#### Collected material

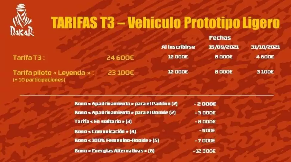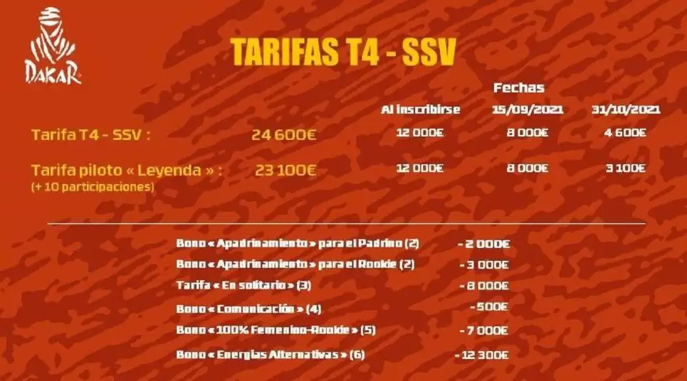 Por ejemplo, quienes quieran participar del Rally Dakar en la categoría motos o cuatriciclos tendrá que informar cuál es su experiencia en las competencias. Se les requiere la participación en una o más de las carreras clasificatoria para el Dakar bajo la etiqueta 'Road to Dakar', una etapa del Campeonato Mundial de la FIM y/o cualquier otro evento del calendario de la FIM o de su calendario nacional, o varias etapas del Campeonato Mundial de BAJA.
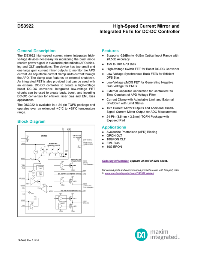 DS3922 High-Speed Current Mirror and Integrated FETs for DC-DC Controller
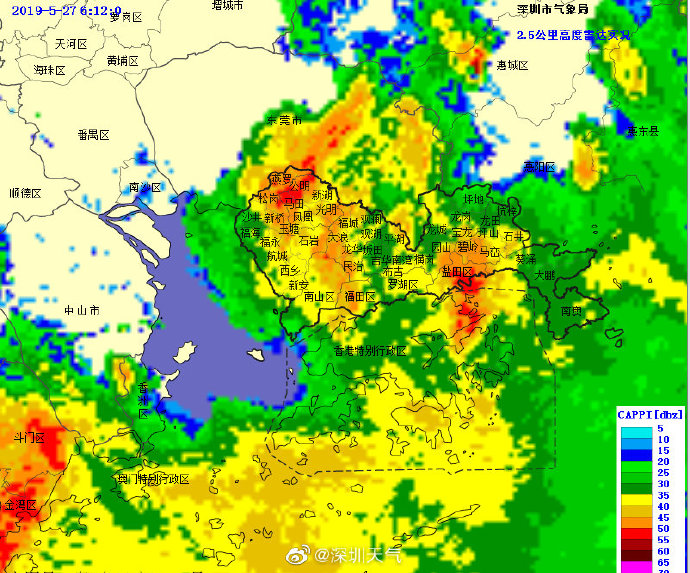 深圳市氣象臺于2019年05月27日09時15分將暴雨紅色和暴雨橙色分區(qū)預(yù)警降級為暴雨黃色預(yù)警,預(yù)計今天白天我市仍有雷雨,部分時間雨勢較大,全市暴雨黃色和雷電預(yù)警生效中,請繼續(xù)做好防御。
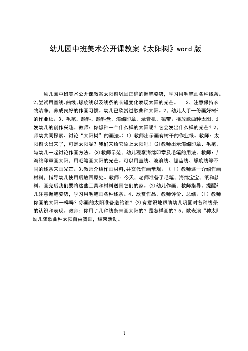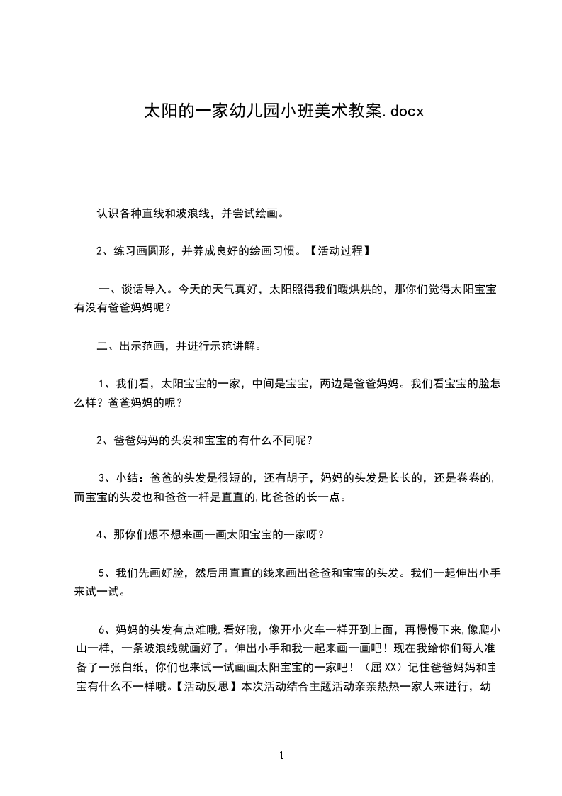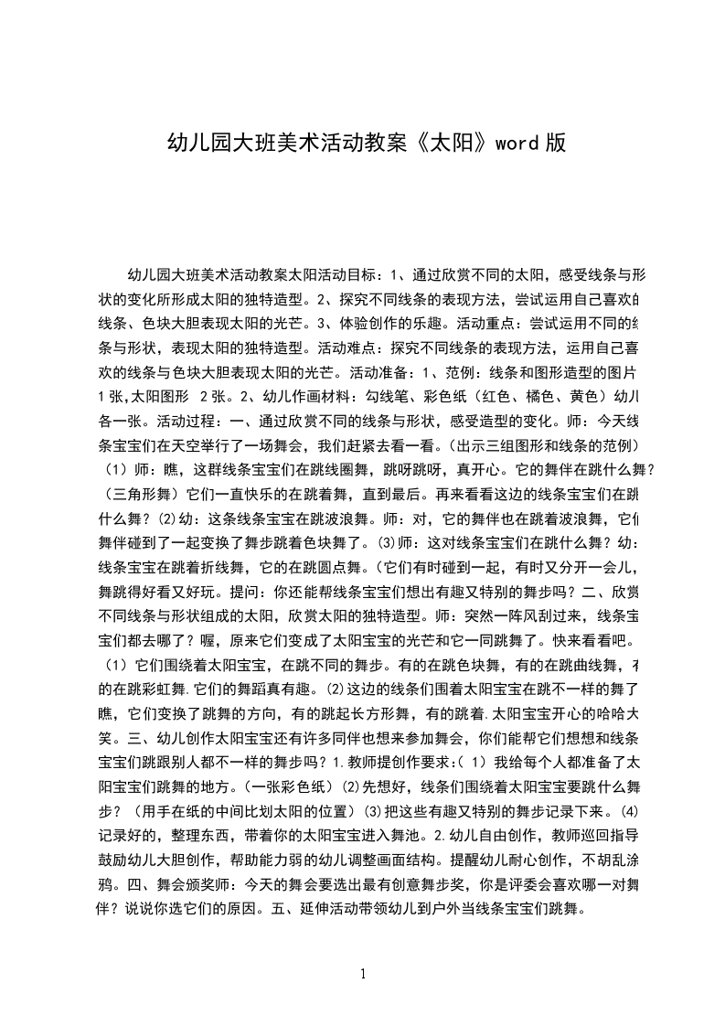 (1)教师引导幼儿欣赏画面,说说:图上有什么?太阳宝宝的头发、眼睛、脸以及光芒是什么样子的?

########

Activity: If pictures appear, drop them, and retype exactly the lines from the "DS3922 High-Speed Current" line through the last line of the data above.

Result of this task:
 DS3922 High-Speed Current Mirror and Integrated FETs for DC-DC Controller
 深圳市氣象臺于2019年05月27日09時15分將暴雨紅色和暴雨橙色分區(qū)預(yù)警降級為暴雨黃色預(yù)警,預(yù)計今天白天我市仍有雷雨,部分時間雨勢較大,全市暴雨黃色和雷電預(yù)警生效中,請繼續(xù)做好防御。
 (1)教师引导幼儿欣赏画面,说说:图上有什么?太阳宝宝的头发、眼睛、脸以及光芒是什么样子的?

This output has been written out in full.